Query Language

As of version 1.2.0, Hatchet has a filtering query language that allows users to filter GraphFrames based on caller-callee relationships between nodes in the Graph. This query language contains two APIs: a high-level API that is expressed using built-in Python data types (e.g., lists, dictionaries, strings) and a low-level API that is expressed using Python callables.

Regardless of API, queries in Hatchet represent abstract paths, or path patterns, within the Graph being filtered. When filtering on a query, Hatchet will identify all paths in the Graph that match the query. Then, it will return a new GraphFrame object containing only the nodes contained in the matched paths. A query is represented as a list of abstract graph nodes. Each abstract graph node is made of two parts:

  • A wildcard that specifies the number of real nodes to match to the abstract node
  • A filter that is used to determine whether a real node matches the abstract node

The primary differences between the two APIs are the representation of filters, how wildcards and filters are combined into abstract graph nodes, and how abstract graph nodes are combined into a full query.

The following sections will describe the specifications for queries in both APIs and provide examples of how to use the query language.

High-Level API

The high-level API for Hatchet’s query language is designed to allow users to quickly write simple queries. It has a simple syntax based on built-in Python data types (e.g., lists, dictionaries, strings). The following subsections will describe each component of high-level queries. After creating a query, it can be used to filter a GraphFrame by passing it to the GraphFrame.filter function as follows:

query = <QUERY GOES HERE>
filtered_gf = gf.filter(query)

Wildcards

Wildcards in the high-level API are specified by one of four possible values:

  • The string ".", which means “match 1 node”
  • The string "*", which means “match 0 or more nodes”
  • The string "+", which means “match 1 or more nodes”
  • An integer, which means “match exactly that number of nodes” (integer 1 is equivalent to ".")

Filters

Filters in the high-level API are specified by Python dictionaries. These dictionaries are keyed on the names of node attributes. These attributes’ names are the same as the column names from the DataFrame associated with the GraphFrame being filtered (which can be obtained with gf.dataframe). There are also two special attribute names:

  • depth, which filters on the depth of the node in the Graph
  • node_id, which filters on the node’s unique identifier within the GraphFrame

The values in a high-level API filter dictionary define the conditions that must be passed to pass the filter. Their data types depend on the data type of the corresponding attribute. The table below describes what value data types are valid for different attribute data types.

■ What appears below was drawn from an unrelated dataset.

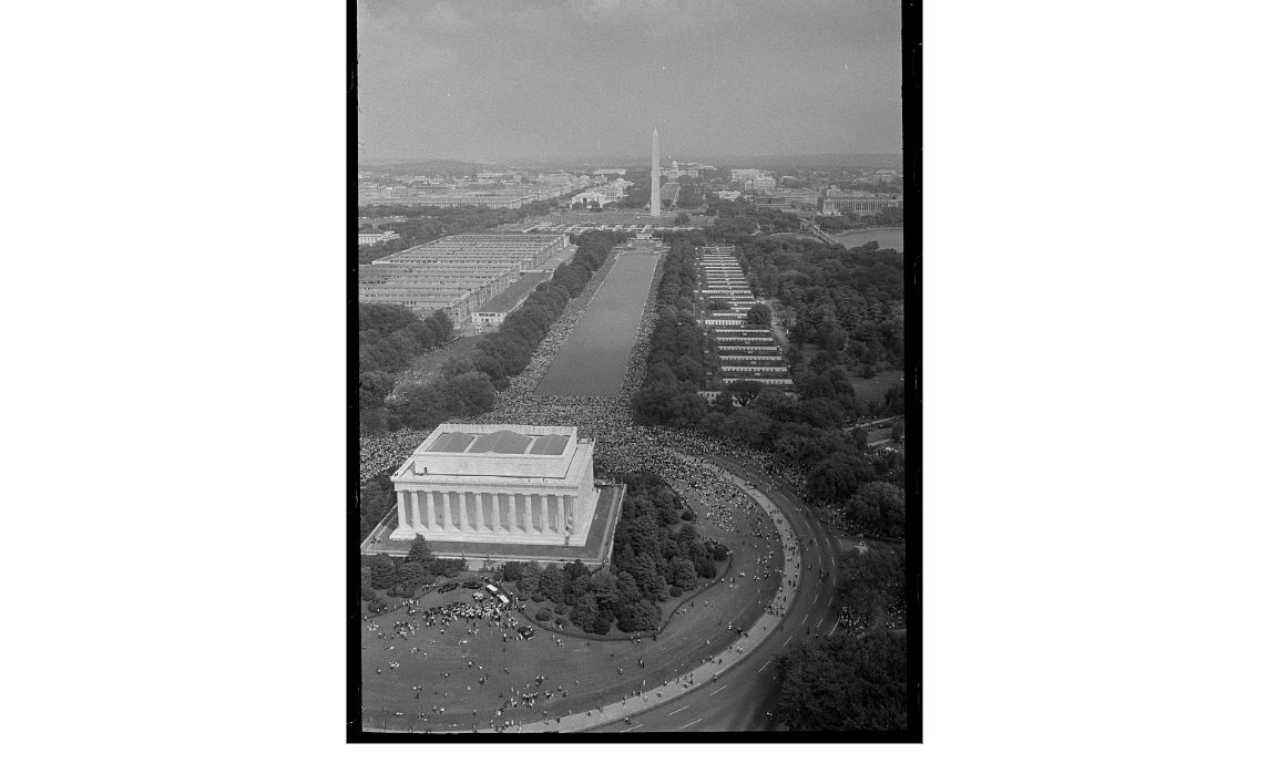 28. srpna 1963. Letecký pohled od Lincolnova památníku směrem k Washingtonovu monumentu

Attribute Data Type Example Attributes Valid Filter Value Types Description of Condition
Real (integer or float)

time

time (inc)

Real (integer or float) Attribute value exactly equals filter value
String starting with comparison operator Attribute value must pass comparison described in filter value
String name Regex String (see Python re module for details) Attribute must match filter value (passed to re.match)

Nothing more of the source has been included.